Mike Chinoy, who launched his book Meltdown, detailed the shift in U.S. policy toward North Korea during President George W. Bush’s administration. He explained how the infighting between the hardliners and engagers within the Bush administration shaped the policy towards North Korea. He illustrated how in the years when Cheney, Rumsfeld, and other hardliners had Bush’s ear, the policy towards North Korea was antagonistic. When key hardliner personnel stepped down and others faded away, engagers took the stage and policy followed suit. He gives a lot of credit for the policy shift to the work done by Assistant Secretary of State, Christopher Hill, and the influence Secretary Rice had on President Bush. And throughout the administration, Chinoy remarked that within the bureaucracy both sides often withheld information from one camp in order to advance their agenda.

Chinoy also took the perspective of the Kim Jong Il and the North Korean regime. He explained what seemingly irrational and provocative actions by North Korea were actually actions taken for regime survival. And that contrary to popular believes North Korea was willing and ready to negotiate, but the Bush administration missed the cues. Consequently, Chinoy emphasized that, the U.S. could have avoided North Korea’s nuclear breakout.

He concluded with the current deadlock of the Six-Party negotiation process. The U.S. and North Korea had come to a divergence on the sequencing of steps. North Korea had been reversing its disablement of the Yongbyon reactor because the U.S. had not delisted them; while, the U.S. had not delisted North Korea because they had not agreed to verification steps. In the end he believes, North Korea will become the world’s eighth nuclear power. (Summary by Mike Yo, Korea Studies, SAIS.)

Mike Chinoy joined the Pacific Council on International Policy in Los Angeles in July, 2006 as the Edgerton Fellow in Korean Security, focusing on security issues in North Korea, China and Northeast Asia. He previously spent 24 years as a foreign correspondent for CNN, including eight years as the network’s first bureau chief in Beijing, bureau chief in Hong Kong, and, from 2001-2006, senior Asia correspondent.
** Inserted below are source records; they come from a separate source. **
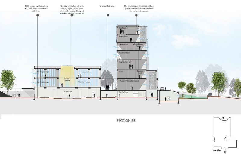 Upon approaching the campus, visitors encounter the expansive public space in front of the Library Block. This just becomes the recent most ‘hangout spot’ and interaction zone for students as the plan, quite literally, takes a step back so as to not overshadow the Heritage Block and its unobstructed vista, which serves as a pivotal connection to all other buildings on campus. The rustic granite steps leading to the library connect the building to the rest of the campus and act as an outdoor plaza. These steps take into consideration the existing trees and have evolved around them. The trees have been preserved, and they accentuate the entry to the library.
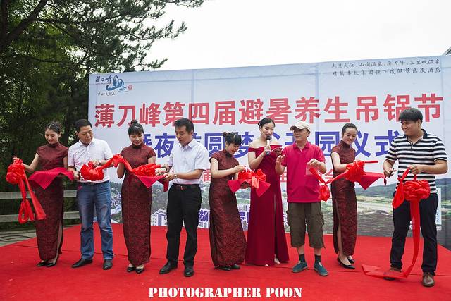 一年前,一个流火七月的夏夜,一群爱好旅游的朋友相约在罗田鹤皋古街的圆梦湖边就着烤串,痛饮啤酒把酒言欢,畅聊摄影技术技巧和旅途中的趣人趣事,还嫌不够尽兴,又在凌晨时分的星空下,点燃带来的钢丝棉拍摄起光绘。分别后,大家忙于各自的工作生活,再没能像那个夜晚般尽情尽兴。因缘巧合,一年后,仍然是这流火的七月,乘着第四届罗田薄刀峰避暑养生吊锅节开幕式暨夜游圆梦谷启动仪式的东风,大家再次欢聚于巍巍大别山五大景区之一的薄刀峰。在山野凉风中斟满杯中的酒,大家共叙别后种种,正是----依山畔水浮凉意,人生有味享清欢。
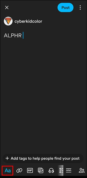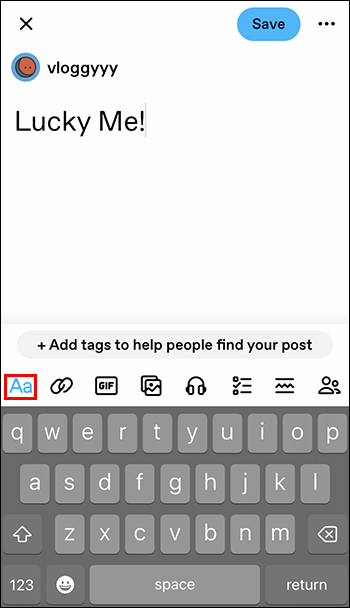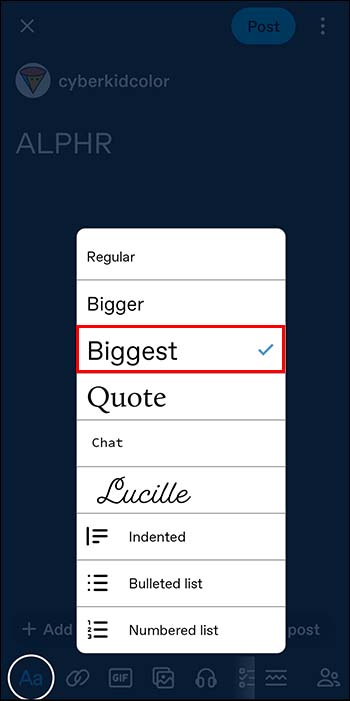 - Press and hold the Aa icon to change the text subtype.
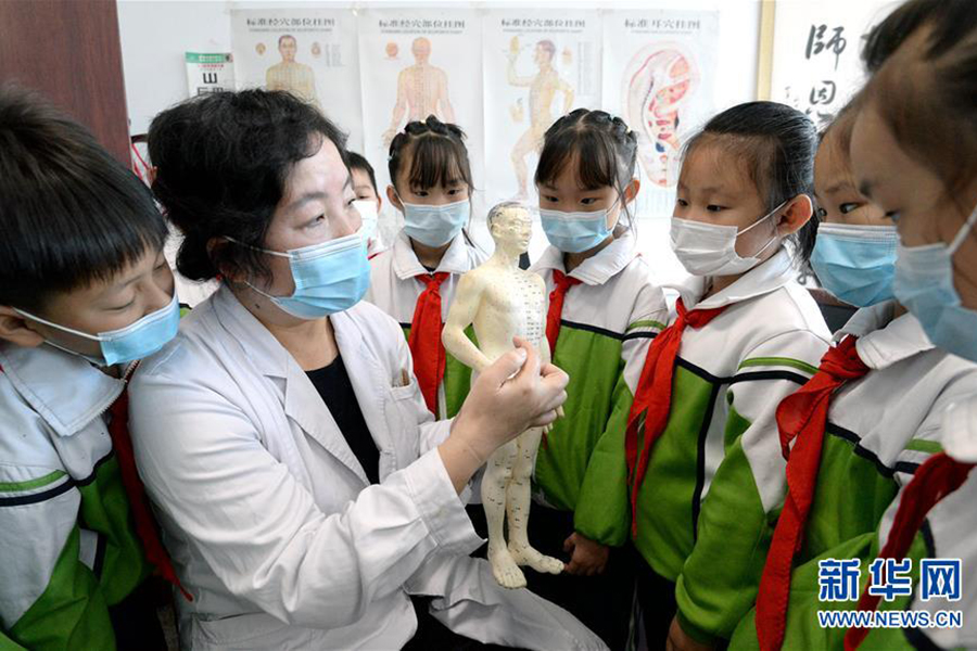 1/010月21日,河北省邯鄲市中醫(yī)院的醫(yī)務(wù)人員向叢臺(tái)小學(xué)的學(xué)生們介紹人體穴位知識(shí)。(新華社發(fā) 郝群英/攝)
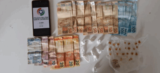 Durante a busca pessoal, os militares localizaram 23 pedras de crack, uma porção maior da mesma substância ainda não fracionada, sete buchas de cocaína e a quantia de R$ 777,00 em dinheiro.
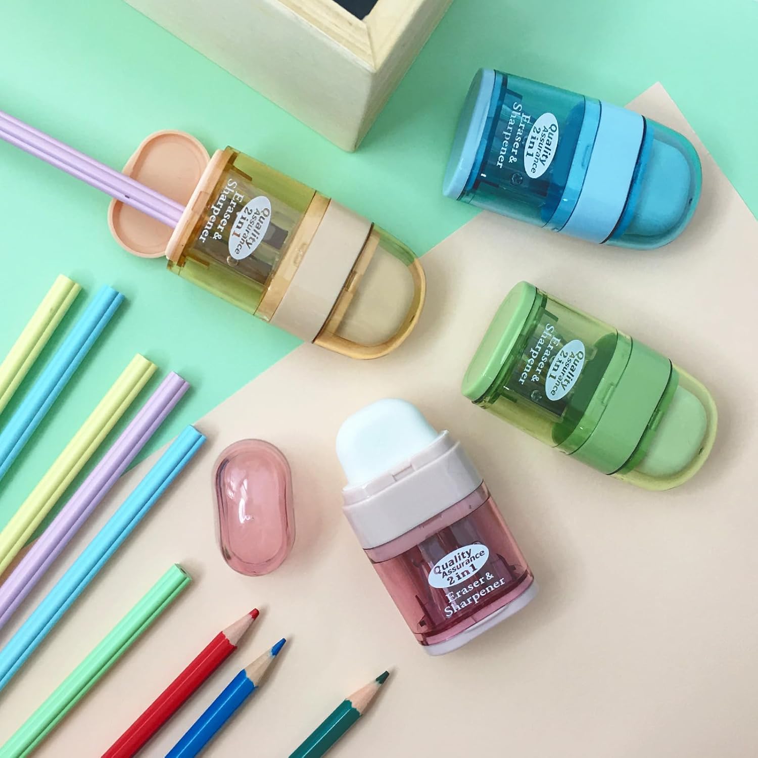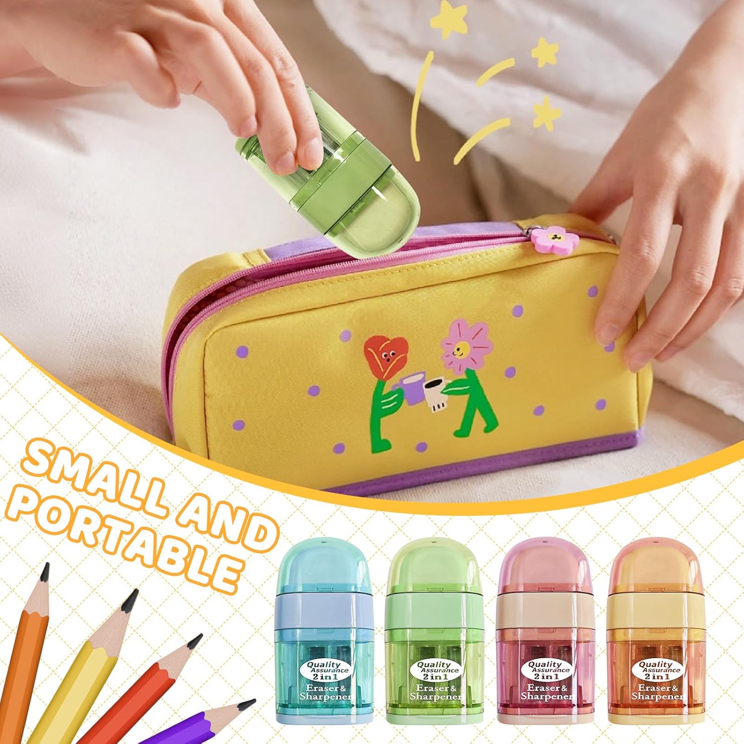 12 Pack Manual Cute Pencil Sharpener with Eraser Double Holes Multicolored Handheld Pencil Sharpener Preppy Back to University Supplies for Classroom Rewards

Chinoy is the author of the acclaimed book China Live: People Power and the Television Revolution, and has received numerous awards for his journalism, including the Emmy, Peabody, and Dupont awards for his coverage of the 1989 Tiananmen Square crisis, and a Dupont Award for his coverage of the tsunami. He holds a B.A. from Yale University and an M.S. from Columbia University.